= Morita Kagaku Kogyo Co., Ltd =

Japanese sweetener manufacturer

Morita Kagaku Kogyo Co., Ltd was founded in 1949 as a sweetener manufacturer. With the social trend the company began research on natural products as the alternatives. In 1971, they developed a system for producing a natural stevia sweetener, which was the first in the world.

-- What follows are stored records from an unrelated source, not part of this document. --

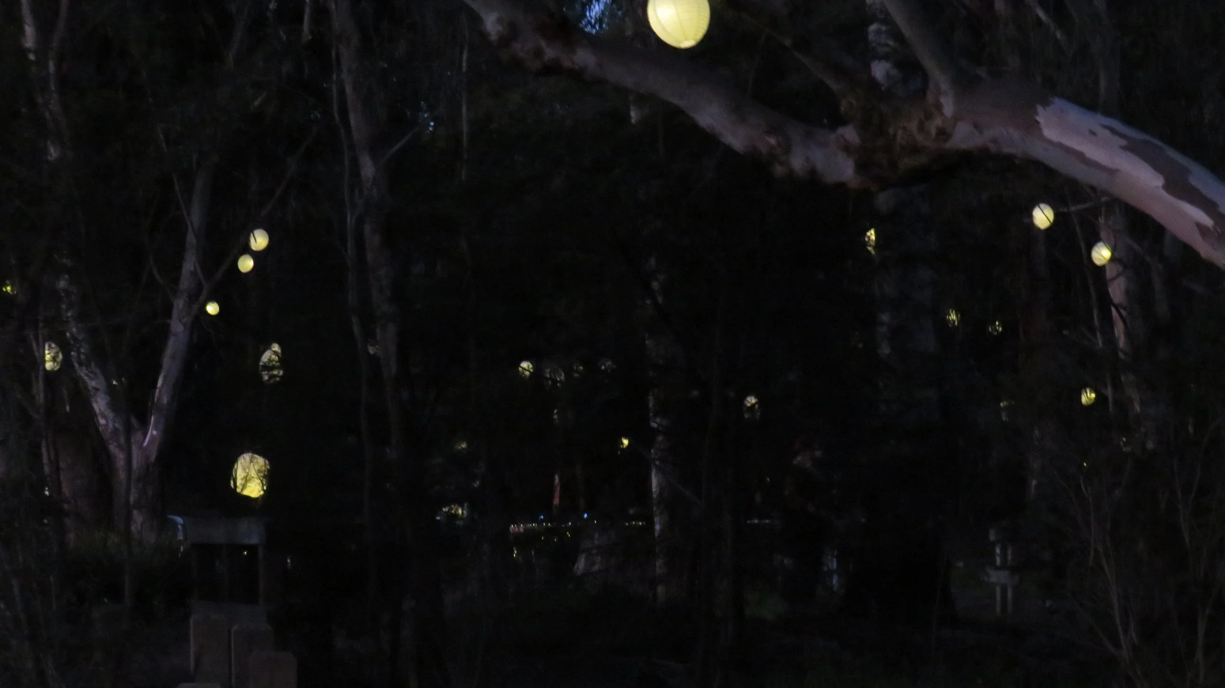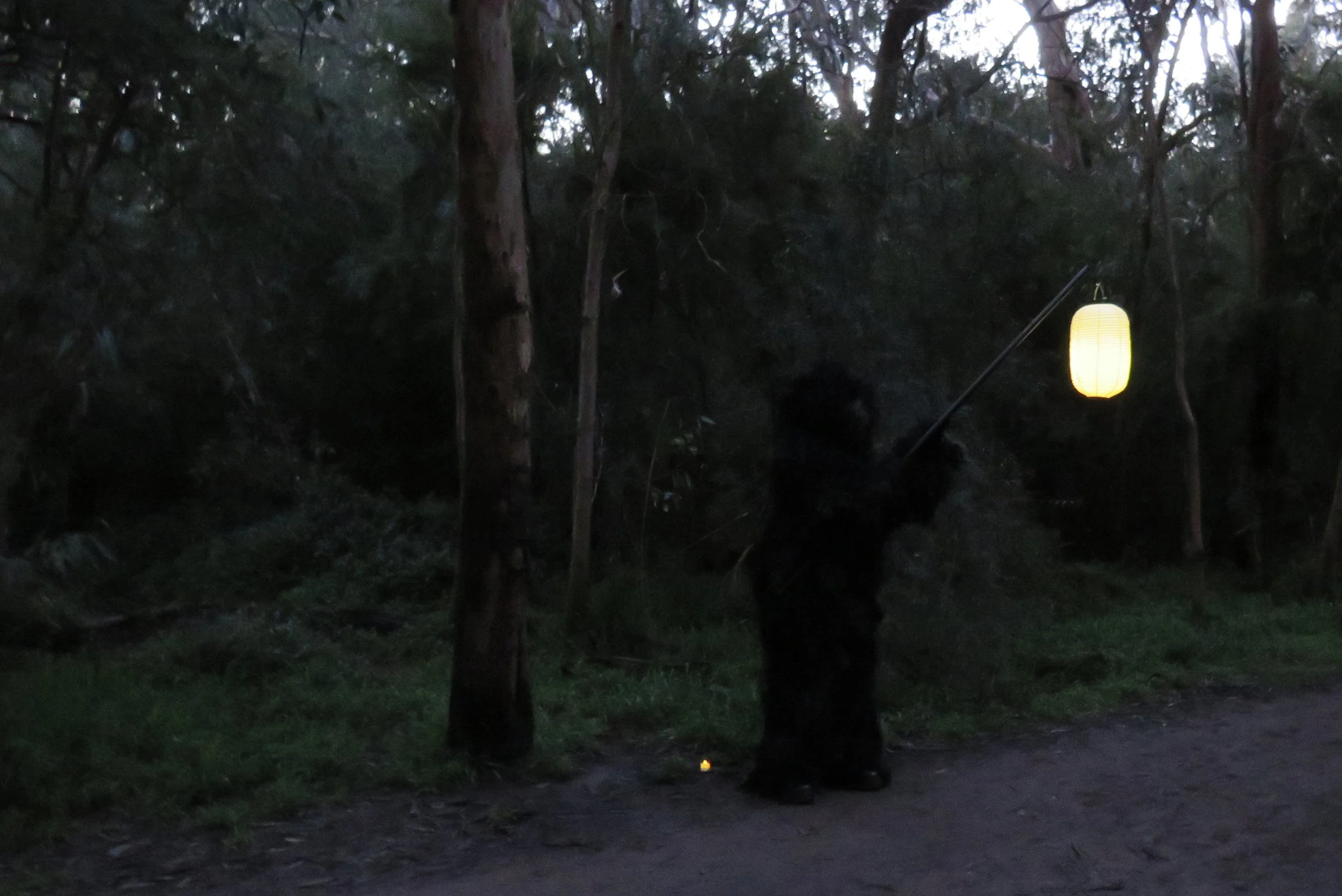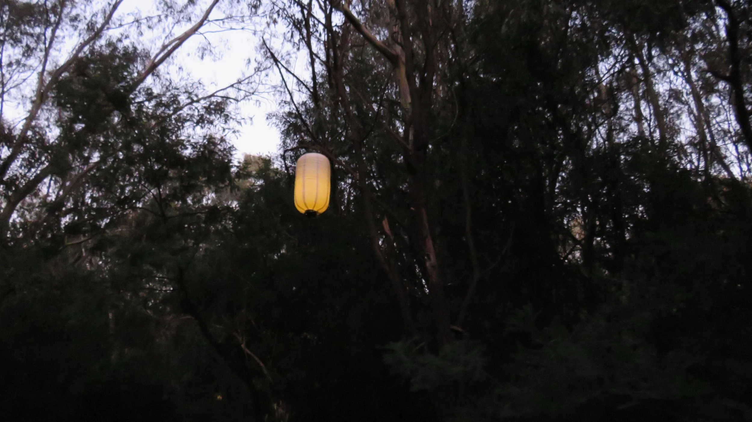 Occurring on the 20th of June 2021, The Longest Night, a winter solstice soundwalk and storytelling celebration, was presented to the community residing within Banyule Council. Individual and group soundwalkers set off into ‘Wilson Reserve’ at dusk along separate designated paths. Each audience member was given a red-tinted torch (minimising direct light disturbance to nocturnal animals), an explanation of the rules of engagement with the work, and then waited to be greeted by a mysterious, amorphous figure (performed by Jenni Townsend and Kirsten Law) whom they would follow into the Reserve. After a short journey together, they were told a story before continuing, unguided, along one of two paths. The paths, lit sparsely with warmly glowing lanterns, led through the dimming gloom to the more brightly lantern lit ‘celebration site’ at the ‘Chelsworth Park’ end of the Reserve overlooking ‘Bailey Billabong’.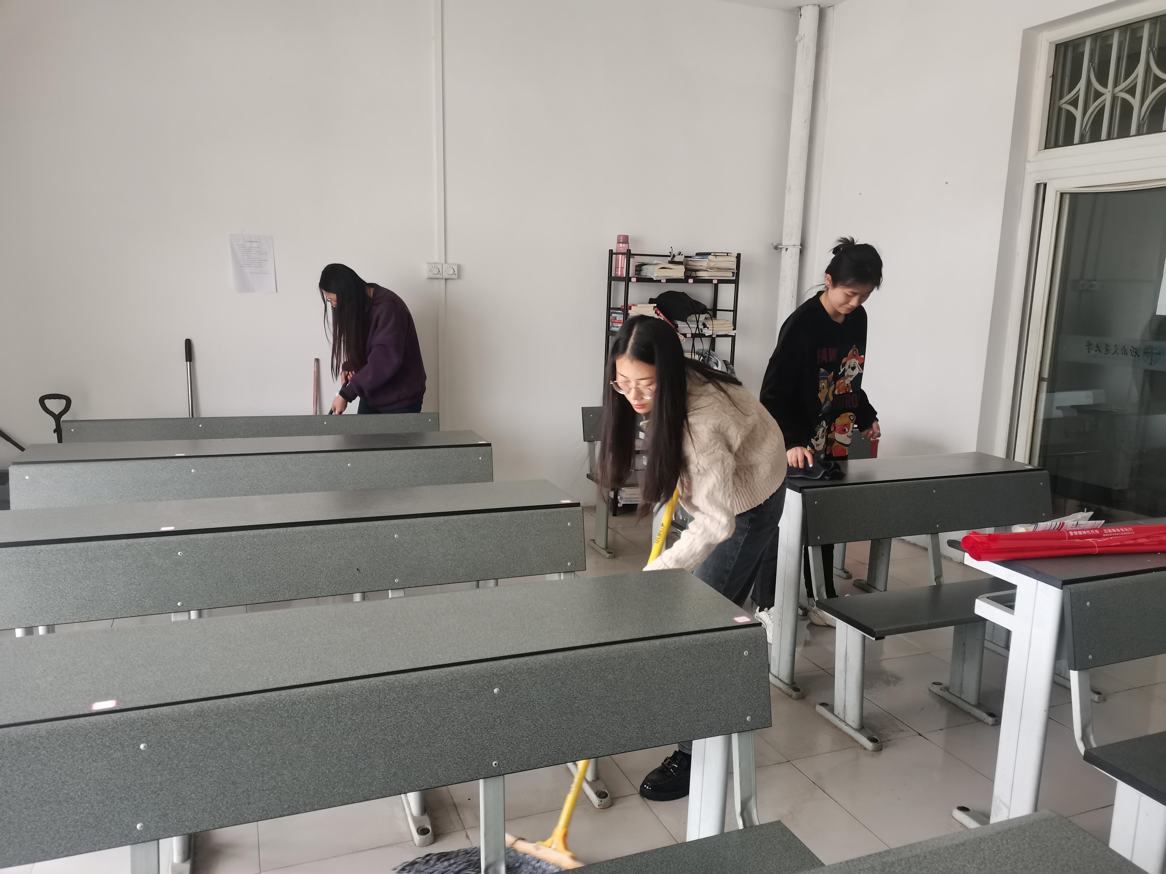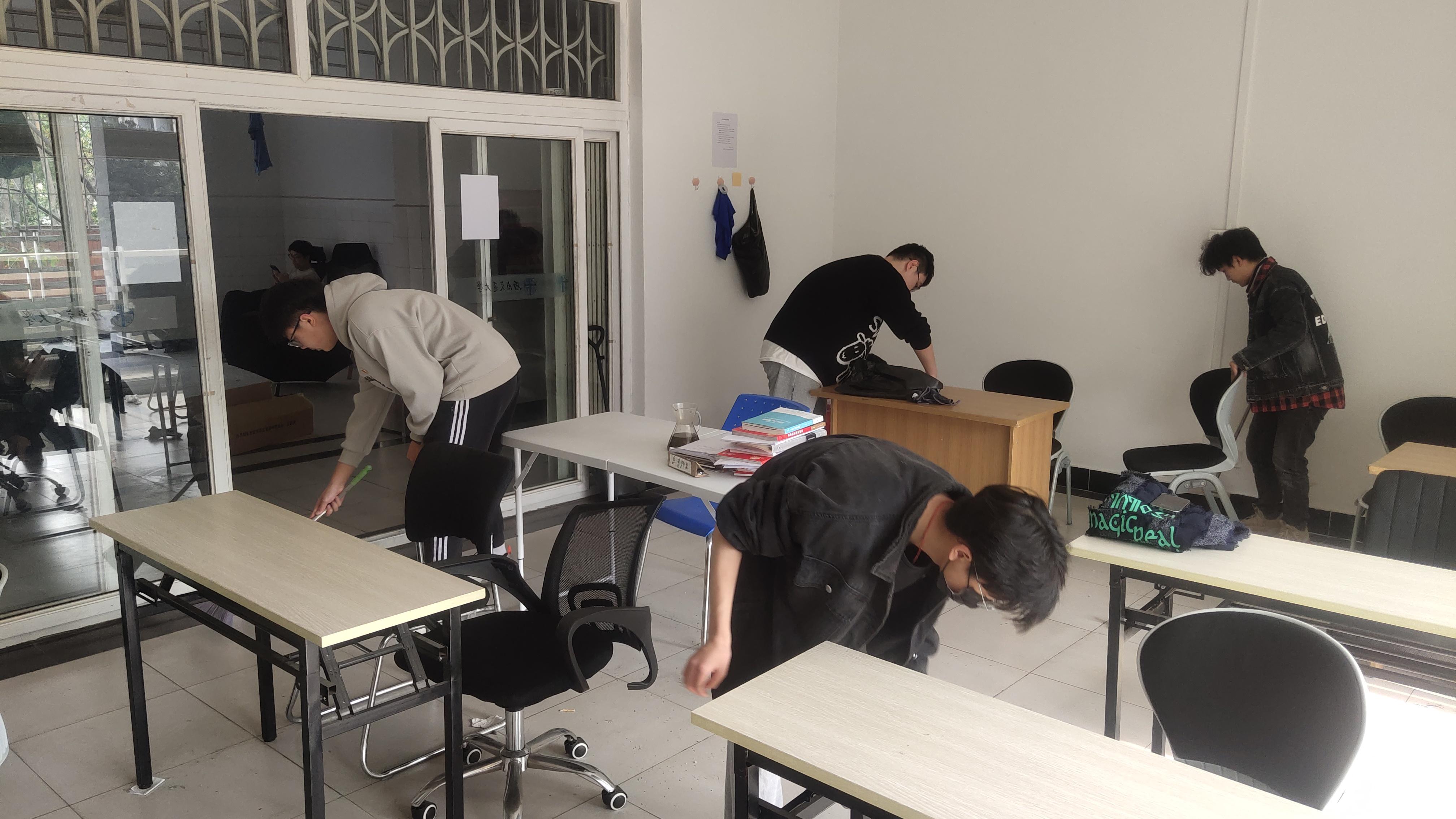 寒假期间自习室暂停开放,本次活动也是新学期第一次自习室清扫活动。志愿者熟悉了个人分工后,从自习室卫生情况入手,合作对自习室内地面、桌面、墙面的污渍进行清洁,检查了各电器的工作情况,重新张贴受损的志愿者工作说明,并共同组装了上学期末由员工会购置的新置物架,方便同学们临时收纳书籍杂物。志愿者们在为自习室增添亮色的同时,也收获了奉献互助、服务他人的快乐,以亲身实践领悟雷锋精神“为人民服务”的深刻内涵。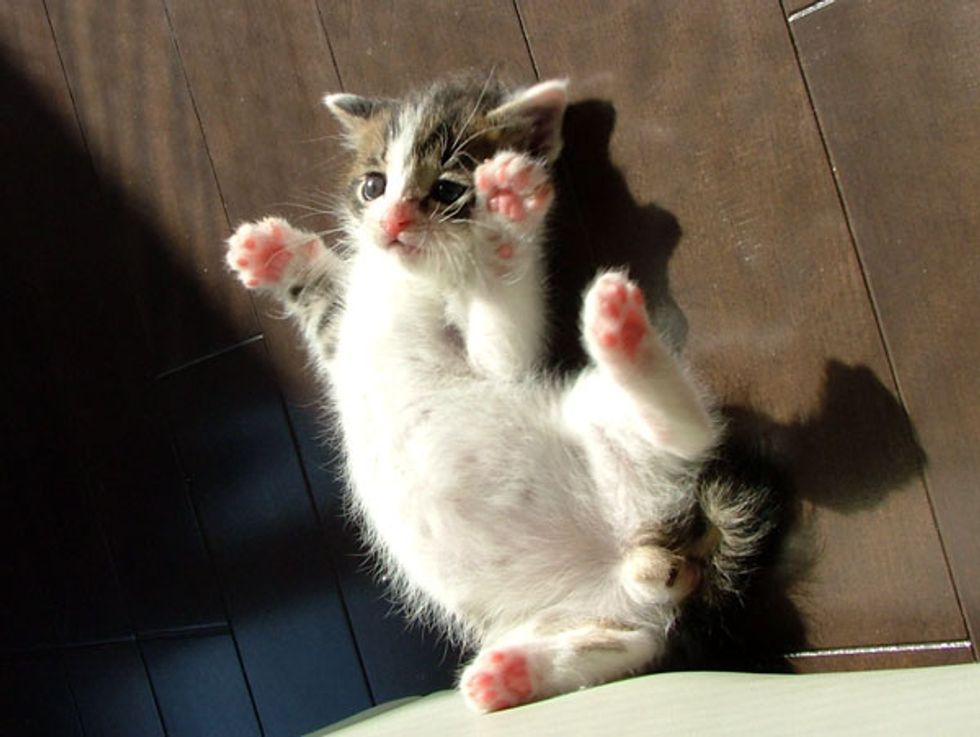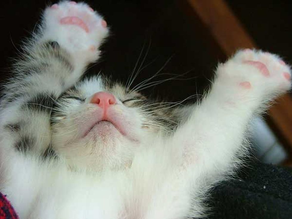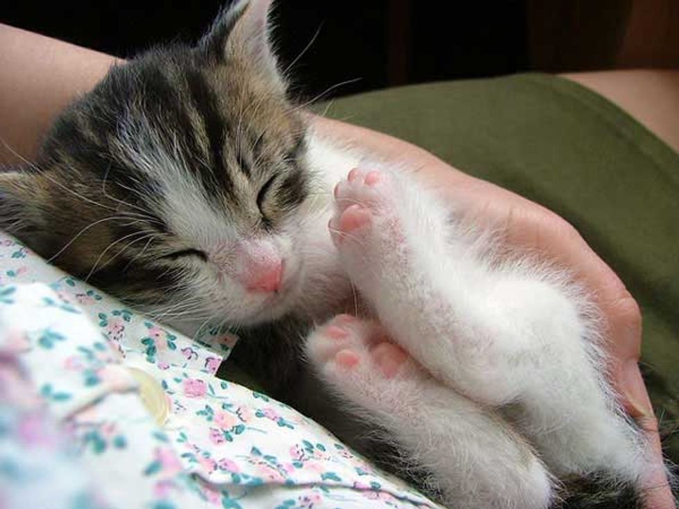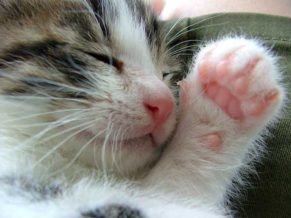 Little Pete knows exactly how to tug at his humans' heartstrings. Raising his cute little paws, showing off those adorable pink paw pads, not to mention he does that while dozing off on their lap. There is no surprise why his humans give in to his every whim.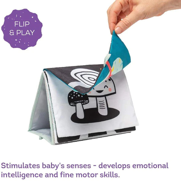 - Soft baby book, with two sides for two developmental stages and crinkle filling for ultimate sensation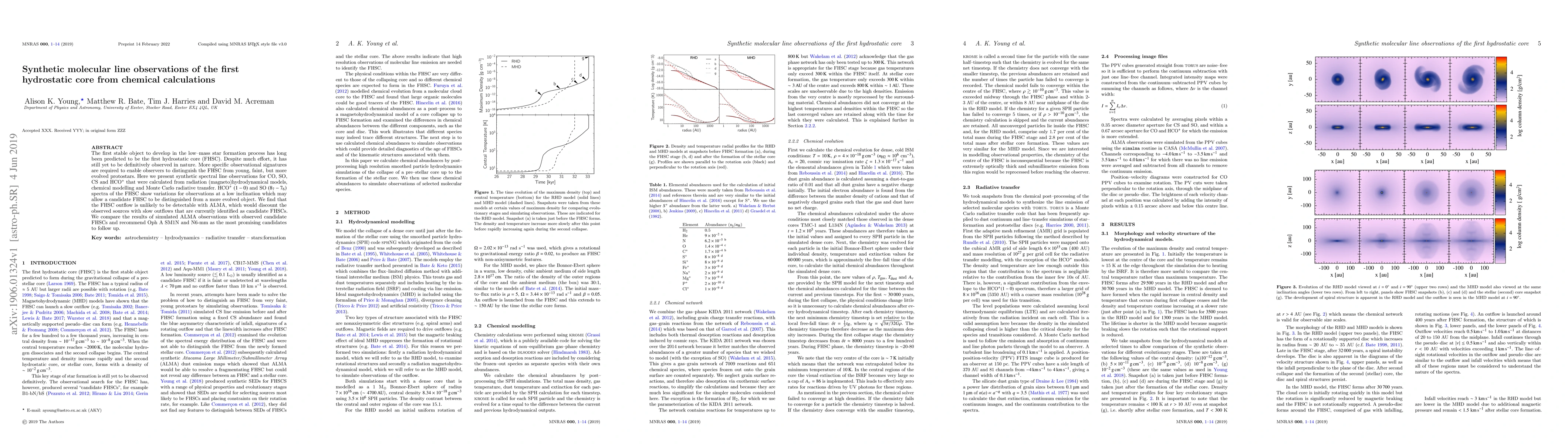 The first stable object to develop in the low-mass star formation process has long been predicted to be the first hydrostatic core (FHSC). Despite much effort, it has still yet to be definitively observed in nature. More specific observational signatures are required to enable observers to distinguish the FHSC from young, faint, but more evolved protostars. Here we present synthetic spectral line observations for CO, SO, CS and HCO$^+$ that were calculated from radiation (magneto)hydrodynamical models, chemical modelling and Monte Carlo radiative transfer. HCO$^+$ $(1-0)$ and SO $(8_7 - 7_6)$ spectra of the FHSC show variations for observations at a low inclination which may allow a candidate FHSC to be distinguished from a more evolved object. We find that the FHSC outflow is unlikely to be detectable with ALMA, which would discount the observed sources with slow outflows that are currently identified as candidate FHSCs. We compare the results of simulated ALMA observations with observed candidate FHSCs and recommend Oph A SM1N and N6-mm as the most promising candidates to follow up.

The company has more recently been involved manufacture of a sweetener based on rebaudioside A, extracted from the stevia leaf.

==History==

| Period | Events |
|---|---|
| Jul 1949 | Morita Kaichi establishes Morita Kagaku Kogyo and begins the manufacturing and selling of synthetic sweeteners and other industrial pharmaceuticals. |
| Jan 1960 | Morita Kagaku Kogyo becomes incorporated. |
| May 1971 | Morita Kagaku Kogyo succeeds in the commercialization of Stevia sweeteners for the first time in the world and becomes a comprehensive manufacturer. |
| Oct 1974 | First in the world succeeds in a large-scale cultivation of Stevia and establishes an integrated system from plant growth to extraction and refining processing. |
| Jun 1975 | Discovery of the sweetest component of the Stevia leaf, Rebaudioside A. |
| Mar 1982 | Develops a high Rebaudioside A product. |
| Jan 1985 | Begins the cultivation of Stevia overseas. |
| May 1993 | Obtains a patent on the manufacturing process of a new natural sweetener. |
| Jan 1994 | Obtains a patent on the manufacturing process of a new sweetener. |
| Oct 1994 | Launches the enzyme-treated Rebaudioside A series. |
| Nov 1999 | Receives the Award for Excellent Food, Machinery, and Materials (established by the Japan Food Journal). |
| Feb 2000 | Obtains a patent on a new variety of Stevia in the United States. |
| Jun 2000 | Obtains a patent on a new variety of Stevia in the United States. |
| Sep 2000 | Obtains a botanical patent. |
| Nov 2000 | Receives the 20th Century Food Industry Award (established by the Japan Food Journal). |
| Sep 2002 | Obtains a patent on the α-glycosylated Stevia sweetener. |
| Aug 2003 | Obtains a patent on Acesulfame K and Stevia sweetener. |
| Mar 2005 | Applies for patents on a new breed of Stevia plant, a manufacturing process, and a sweetener. |

==Product==

Karori Zero is a Japanese powder-like sweetener product made from the latest technology of Morita Kagaku Kogyo Co., Ltd. It is made with rebaudioside A and Erythritol, which have been proved to be safe for human intake.